Rome Hotel Reservation
Hotels in Rome are often required for tourists who may require short term accommodation in the famous Italian city. Some may want to visit the city to see the culture, history, sports, tourist attractions and society of the city. Some may want to stay at a luxury hotel or cheap hotel. Some may want to stay at a hotel with a famous reputation and good access to entertainment and parking. Some may want to reserve a hotel room in a high status hotel, so may wask for hotel reservations. They be worried the hotel might be too busy.
Hotels in the city of Rome are often required for tourists who may require short term accommodation. Some tourists may want to visit the city to see the culture and history of the fAmous city. Some may want to visit to see a sports match. Some may require accommodation and may stay at a hotel or apartment while in the city.
Rome is the capital city of Italy and Lazio, and is Italy's largest and most populous city. It is located in the central-western portion of the Italian peninsula, on the Tiber river.
Rome's history as a city spans over two and a half thousand years, as one of the founding cities of Western Civilization. Even outside of the history of the Roman Empire, Rome has a significant place in the story of Christianity up to the present day, for it endures as the home of the papacy. The worldwide Roman Catholic Church is administered from the Vatican City, run by the Holy See as an independent enclave and the world's smallest sovereign state.

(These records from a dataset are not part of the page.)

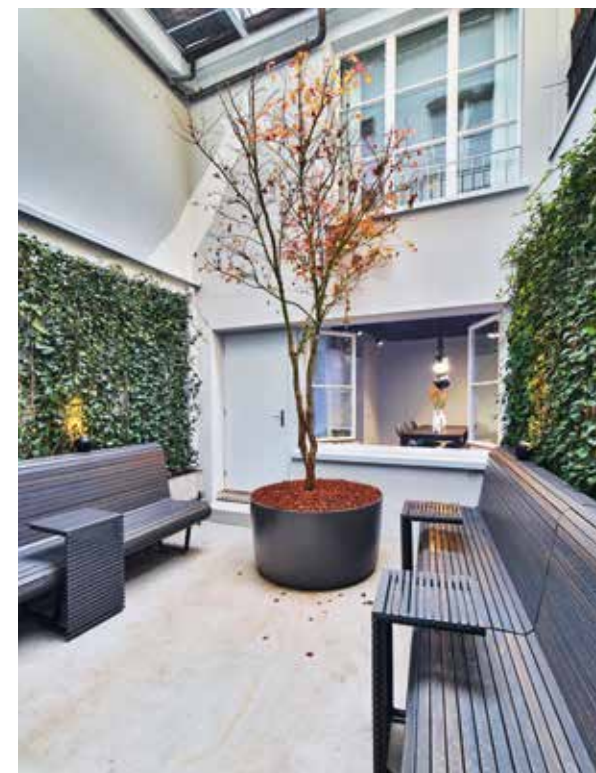
Kleiner Garten im Hinterhof

und zum Verweilen. Die alte Produktionshalle und der Verkaufsladen sollten zu einem Shop mit Verzehbereich, der alte Innenhof und frühere Durchgangsweg zu einer grünen Oase, der kleine Lagerraum als attraktiver Tiny-Meetingraum im EG und die Kombination von Sanitäranlagen/Lager/Kühlraum im UG konzipiert werden. Bei Vollenweider steht die farbenfrohe Produktpalette im Vordergrund und die außergewöhnliche, durch die Farbe Schwarz geprägte Komponente des Innendesigns. Die Verkaufstheke mit der feinen Edelstahl-Oberflächenverkleidung ist das Herzstück des Ladens. Die schwarzen Wände mit vielen gleichfarbigen Logo-Buchstaben geben dem Raum eine besondere und anschauliche Dimension. Als Farbkontrast im Verkaufsraum dient der erhaltene Bodenbelag von 1988: schwarz-weißer Marmor. Ein weiterer Höhepunkt ist das 19 m lange, kurvige Lichtobjekt, das gezielt für diesen Raum mit der Raumhöhe von 2,40 m zusätzlich zur Grundbeleuchtung angefertigt wurde. Die Kund*innen verweilen gern im Café Vollenweider mit seinem einzigartigen Design.
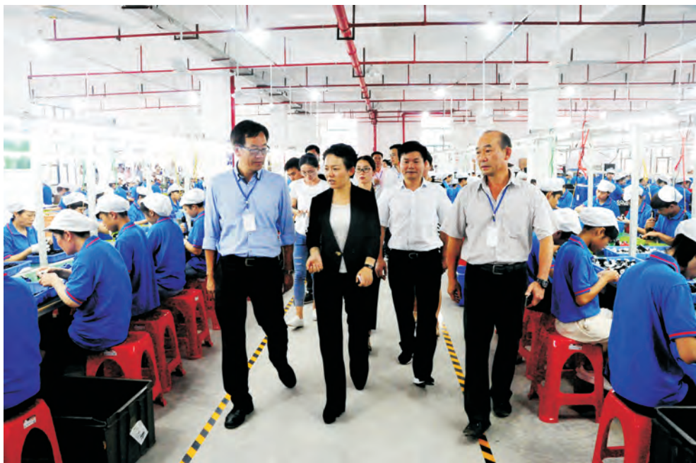
市委书记、市人大常委会主任李晖在全市重点项目流动现场会
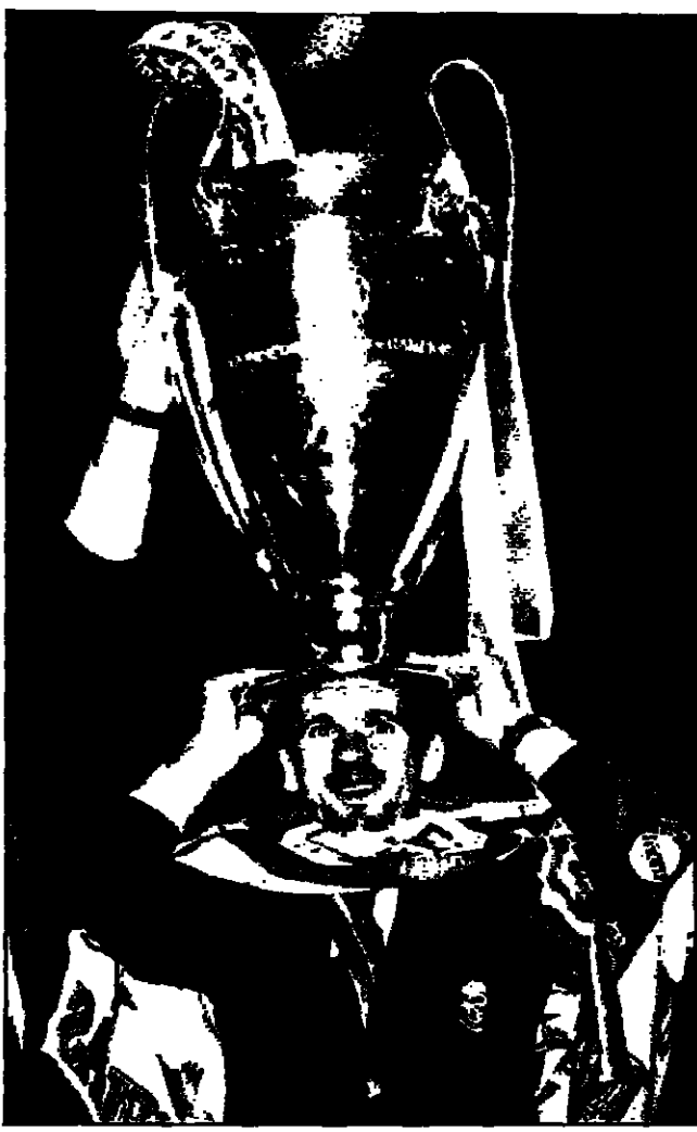
ميدان فيش لاصير ريال مدريد يحمل كأس دوري بون فون الفريق وسط احتفالات ضخمة في مدريد
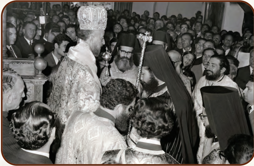
Κατὰ τὴν ἐνθρόνισή του ὡς Ἡγουμένου τῆς Ἱερᾶς Μονῆς Ἁγίου Νεοφύτου ἀπὸ τὸν Ἀρχιεπίσκοπο Μακάριο Γ΄

του. Ἀνεδείχθη, κατὰ τὸν Εὐαγγελιστὴν, «ὁ λύχνος ὁ καίμενος καὶ φαίνων» (Ἰω. ε΄, 35) στὸ μέσον τῶν πιστῶν, ὀδηγώντας τους.
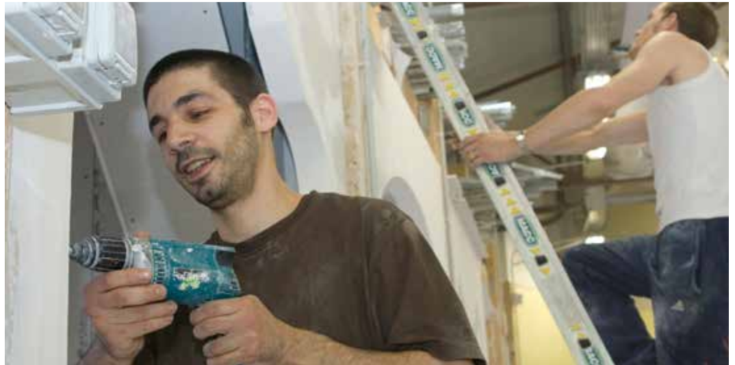
Au titre des investissements, la région poursuit son soutien au secteur du bâtiment et des travaux publics en Bourgogne-Franche-Comté.

Les élus, réunis en assemblée plénière vendredi 29 avril à Dijon, ont adopté le premier budget primitif de la région Bourgogne-Franche-Comté pour 2016, d'un montant de plus d'1,3 milliard d'euros.
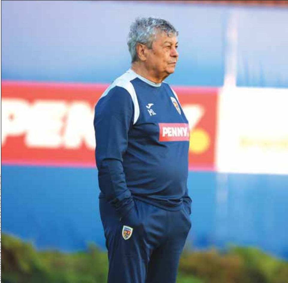
Mircea Lucescu pierde încă un titular

Mihăilă s-a accidentat în prima repriză a partidei Parma – Lecce, 1-3, din 31 ianuarie. A fost titular, a avut și o ocazie uriașă de a marca, atunci când mingea a lovit bara în minutul 21, dar chiar înainte de pauză s-a
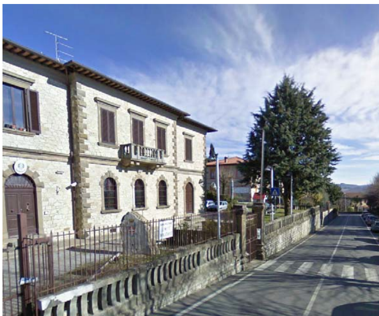
Fotografia 3 - La Caserma dei carabinieri si trova dal lato della carreggiata privo di marciapiede.

Si segnala pertanto che per i luoghi aperti al pubblico, lungo strada o marciapiede deve essere garantita la visitabilità di tali unità immobiliari, ovvero, per quanto riguarda il solo spazio esterno, deve esservi un percorso continuo che conduca fino all'ingresso a raso. (vedi D.P.R. 236/89 artt. 3, 5.5, 5.6 e 5.7; D.P.R. 503/96 art. 13). E' inoltre assente in presenza dell'attraversamento pedonale una differenziazione tattile delle pavimentazioni ed una guida tattile indicante la mezzera dell'attraversamento pedonale ad uso delle persone cieche.
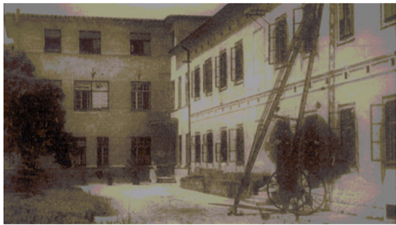
Varen oddelek na Studencu 1942. Danes je v njem oddelek za gerontopsihiatrijo.
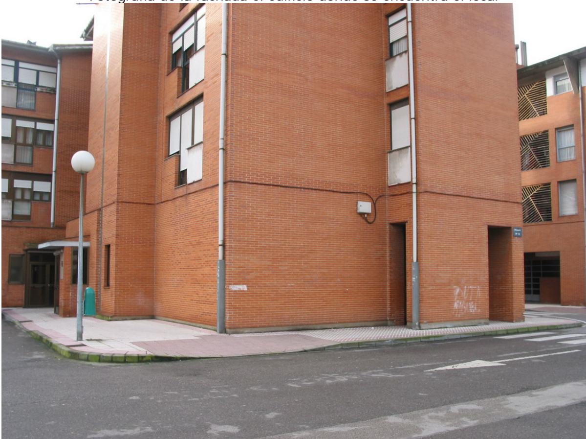
Fachadas fondo e izquierda del local
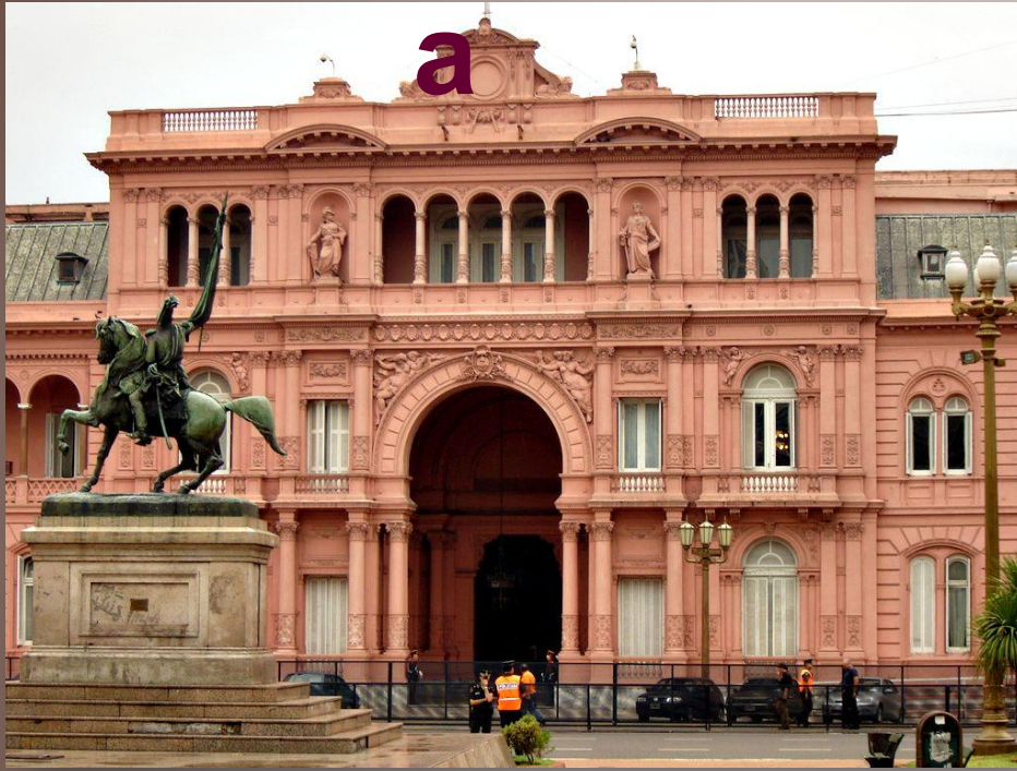
Президентский дворец Каса-Росада (Розовый дом) в Буэнос-Айресе
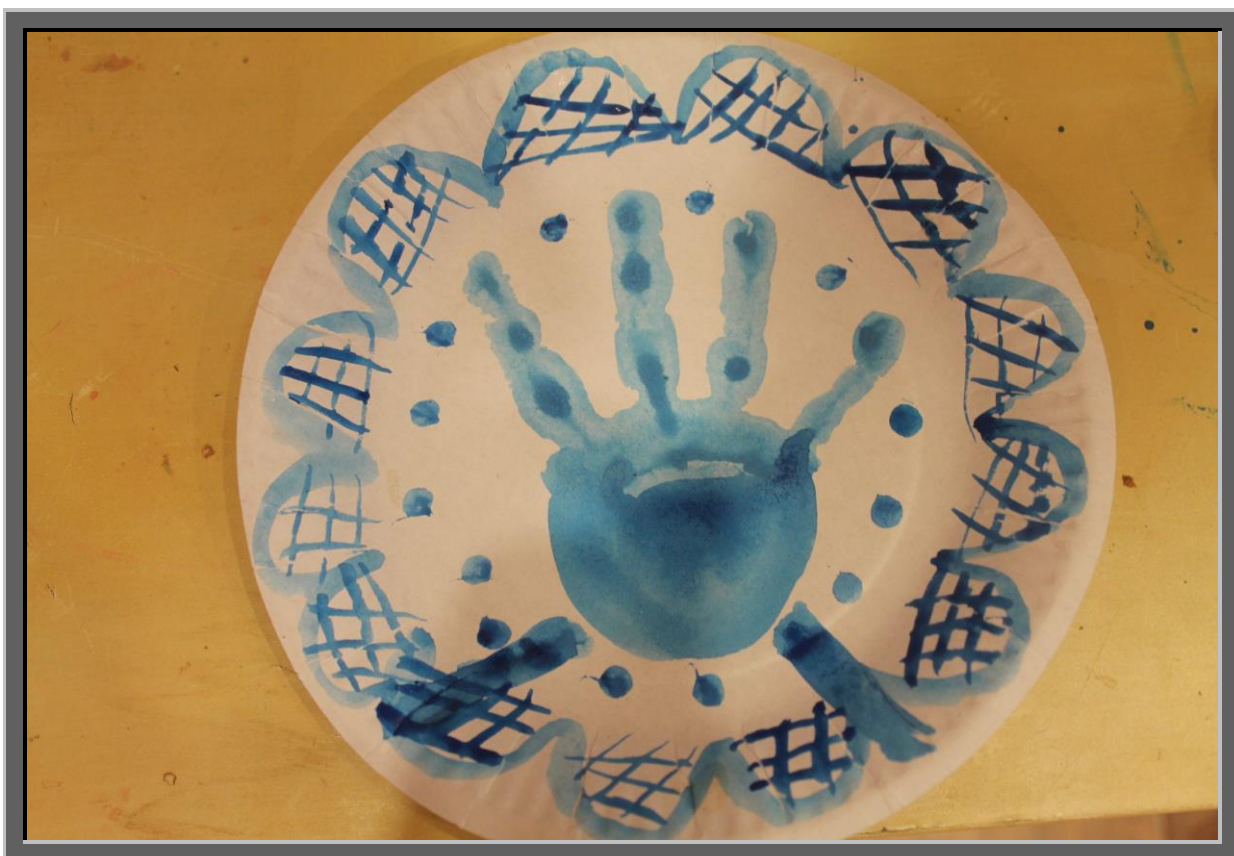
Рис.4 Получившиеся полукруги заштриховать пересекающимися линиями
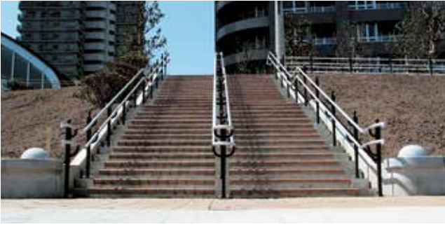
東京都 中央区 石川島公園
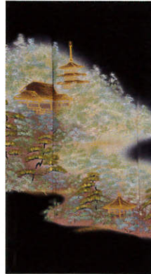
C113 レンタル価格 ¥60,000
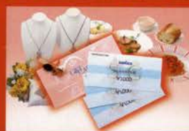
さんちかギフト券
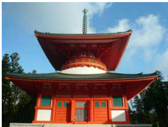
▲高野山金剛峯寺的根本大塔

高野山又經歷過數次祝融火災，復原建材仍舊是取自於當地森林，而造林工作則不斷地進行，樹種包括檜木、日本金松、柳杉、赤松、冷杉及鐵杉等；文化10年（西元1813年），金剛峯寺選取上述6種木材為「高野六木」，作為寺院修繕專用，其他木材一概不用（金剛峯寺山林部，2017）。
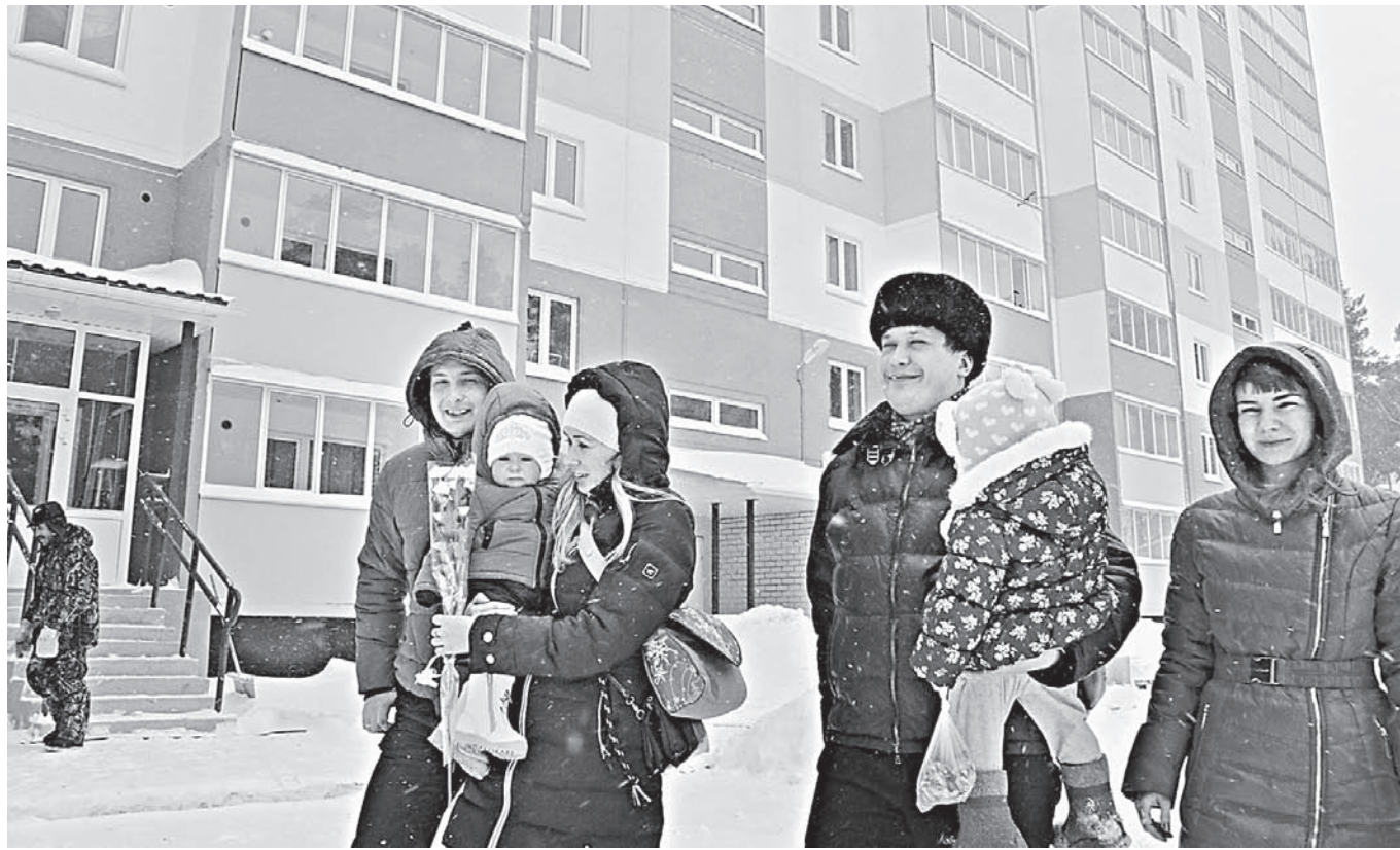
Медики пришли взглянуть на дом, в котором вскоре поселятся.
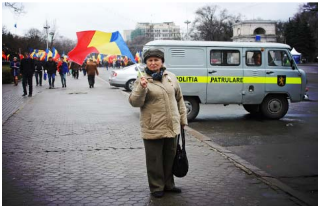
Forrás: Giuliana Califano fényképfelvétele, 2015.

Bár a romániai és a moldovai emlékezetpolitika között is jócskán vannak a magyar–román viszonylatban megfigyeltekre hasonlító feszültségek, a nemzeti ünnepek nemcsak a súrlódások, hanem a közeledések lehetőségét is tartogatják. 2011 végén került a bukaresti törvényhozás elé az a javaslat, amely azt indítványozta, hogy augusztus 31-ét – ami Moldovában nemzeti ünnep – nyilvánítsák a román nyelv napjává. 25 A javaslatot Traian Băsescu elnök is támogatta, 2013-ban pedig elfogadta a román parlament, így azóta „közös” a két ország ünnepnapja (Iosip 2017). Erre hasonlít egy másik, folyamatban lévő emlékezetpolitikai kezdeményezés is: 2017 tavaszán Romániában nemzeti ünnep lett március 27-e, Besszarábia és Románia egyesülésének évfordulója (Mediafax.ro 2017). 26 Ugyanekkor a moldovai Liberális Párt is benyújtott egy törvényjavaslatot, amely szintén nemzeti ünnepé tenné az évfordulót – mintegy „hivatalosítva” az unionista és romániai szervezetek által amúgy is rendszeresen megtartott megemlékezéseket. 27
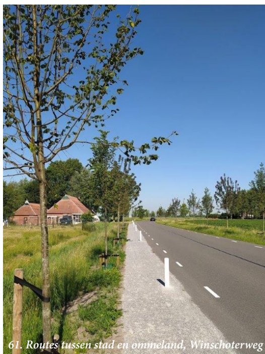
61. Routes tussen stad en ommeland, Winschoterweg
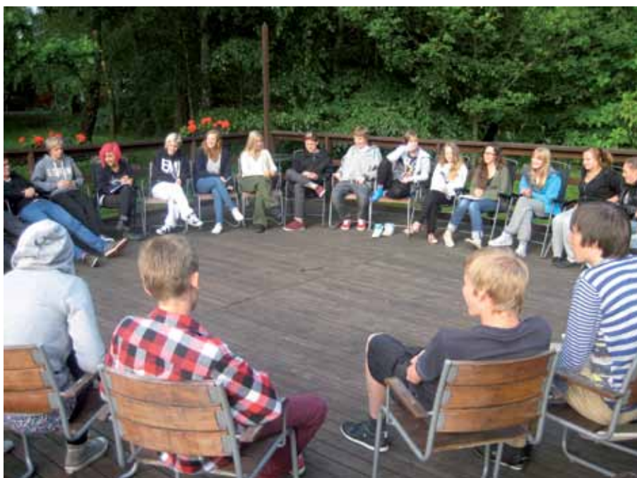
Ett sätt att lära ungdomarna att ta eget ansvar var att se om de klarade av att komma till morgonsamlingen klockan 09.00. De som klarade av det fick en överraskning som belöning.

terna Skåne, höll ett högtidstal och citerade Sokrates:
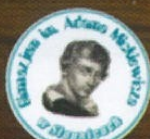
Gimnazjum im. Adama Mickiewicza w Słopnicach

Historically, the urban limits of Rome were considered to be the area within the city walls. Originally, these consisted of the Servian Wall which was built twelve years after the Gaulish sack of the city in 390 BC. This contained most of the Esquiline and Caelian hills, as well as the whole of the other five. Rome outgrew the Servian Wall, but no more walls were constructed until almost 700 years later, when in 270 AD Emperor Aurelian began building the Aurelian Walls. These were almost 19 kilometres (12 mi) long, and were still the walls the troops of the Kingdom of Italy had to breach to enter the city in 1870. Modern Romans frequently consider the city's urban area to be delimited by its ring-road, the Grande Raccordo Anulare, which circles the city centre at a distance of about 10km.
The Commune of Rome, however, covers considerably more territory and extends to the sea at Ostia, the largest town in Italy that is not a commune in its own right. The Commune covers an area roughly three times the total area within the Raccordo and is comparable in area to the entire provinces of Milan and Naples, and to an area six times the size of the territory of these cities. It also includes considerable areas of abandoned marsh land which is neither suitable for agriculture nor for urban development.
The Tiber (Latin Tiberis, Italian Tevere) is the third-longest river in Italy, rising in the Apennine mountains in Emilia-Romagna and flowing 406 kilometres through Umbria and Lazio to the Tyrrhenian Sea. It drains a basin estimated at 18,000 km². The river has achieved lasting fame as the main watercourse of the city of Rome, founded on its eastern banks.
There are on the Tiber in addition to numerous modern bridges several ancient bridges (now mostly pedestrian-only) that survived in part (e.g., the Milvian Bridge and the Ponte Sant'Angelo) or in whole (Fabricius' Bridge).
During the Punic Wars of the 3rd century BC, the harbour at Ostia became a key naval base. It later became Rome's most important port, where wheat, olive oil, and wine were imported from Rome's colonies around the Mediterranean. Wharves were also built along the riverside in Rome itself, lining the riverbanks around the Campus Martius area. The Romans connected the river with a sewer system (the Cloaca Maxima) and with an underground network of tunnels and other channels, to bring its water into the middle of the city.
The heavy sedimentation of the river made it difficult to maintain Ostia, prompting the emperors Claudius and Trajan to establish a new port on the Fiumicino in the 1st century AD. They built a new road, the via Portuensis, to connect Rome with Fiumicino, leaving the city by Porta Portese ('the port gate'). Both ports were eventually abandoned due to silting.
Several popes attempted to improve navigation on the Tiber in the 17th and 18th century, with extensive dredging continuing into the 19th century. Trade was boosted for a while but by the 20th century silting had resulted in the river only being navigable as far as Rome itself.
The Tiber was once known for its floods the Campus Martius is a flood plain and would regularly flood to a depth of several metres. The river is now confined between high stone embankments which were begun in 1876. Within the city, the riverbanks are lined by boulevards known as lungoteveri, streets "along the Tiber."